According to a press release issued on Thursday, the government proposes public spending of 80.5 billion euros (80.5 billion U.S. dollars). The proposed appropriation level for 2023 is 15.6 billion euros more than the budget for 2022.
As a result, next year's budget deficit is now set at 8.1 billion euros against the previous estimate of 6.3 billion euros. According to the budget, national debt will rise to an estimated 146 billion euros by the end of 2023.
"The budget proposal for 2023 builds future sustainable growth, secures purchasing power and helps people cope with the sharp rise in electricity prices," the government said in the press release.
The so-called cost-of-living support, which attracts extensive attention from the public and media, includes lowering the value-added tax (VAT) on electricity and strengthening people's purchasing power.

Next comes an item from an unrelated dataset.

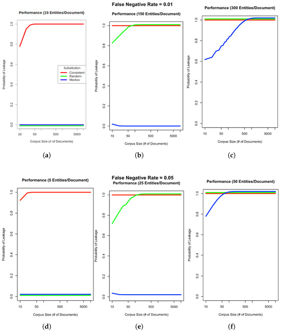 PHI leakage on synthetic corpora. Charts (a–c) show the probability of PHI leaking given a 1% PHI FNER and varying input corpus sizes with either 15, 150, or 300 entities (critical or otherwise) per document. Charts (d–f) assume a higher FNER of 5% with 5, 25, or 50 entities per document. Although leakage results are reported at the document level, patient level calculations would be the almost same but would use a pooled entity count given that multiple documents from the same patient would be aggregated. Red, green and blue lines indicate Consistent, Random and Markov substitution respectively.
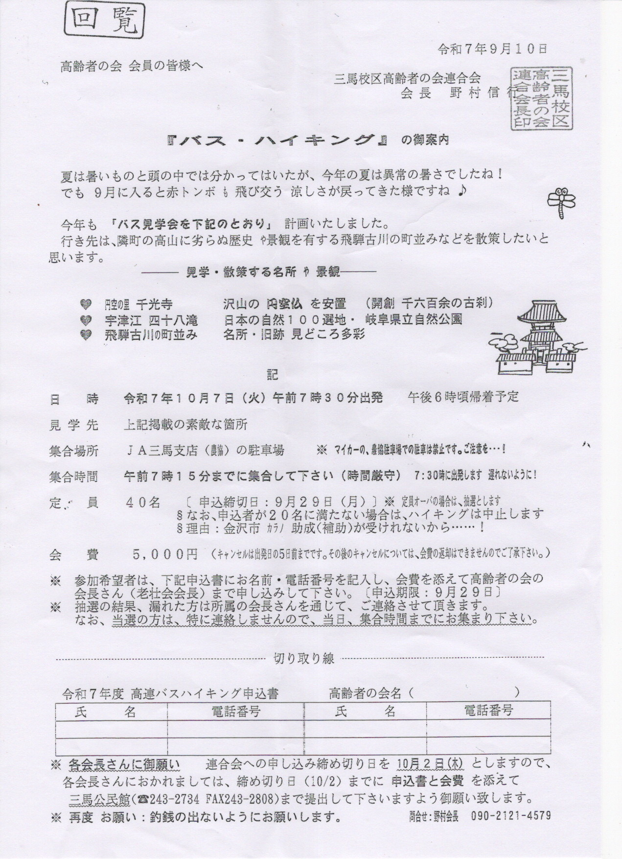 投稿日: 2025年9月27日2025年9月27日 投稿者: 管理者【案内】バス・ハイキングについて 長寿会より「バス・ハイキング」の案内がありました。 1.開催日 10月7日(火) 2.集 合 JA三馬支店の駐車場 午前7時30分出発 3.会 費 5,000円詳しくは、回覧文書を参照ください。※参加希望者は、申し込み必要です。

The government said it would lower the VAT on electricity from 24 percent to 10 percent from December 2022 to April 2023. A temporary electricity subsidy is also being prepared. In addition, the government is also working on rules to tax windfall profits in the energy sector.
The budget proposal contains measures to strengthen people's purchasing power with the reduction of early childhood education fees, an additional child allowance to be paid at the end of the year and temporary increases to several benefits.
Furthermore, compared with the past several years, the budget foresees a significant increase in defense spending. The government plans to increase the defense budget by one billion euros, or 20 percent, from the current year's level of 5.1 billion euros.
The government is scheduled to discuss the draft budget proposal on Sept. 19. After that, the proposal will be submitted to Parliament, which usually needs about three months to review and approve the draft.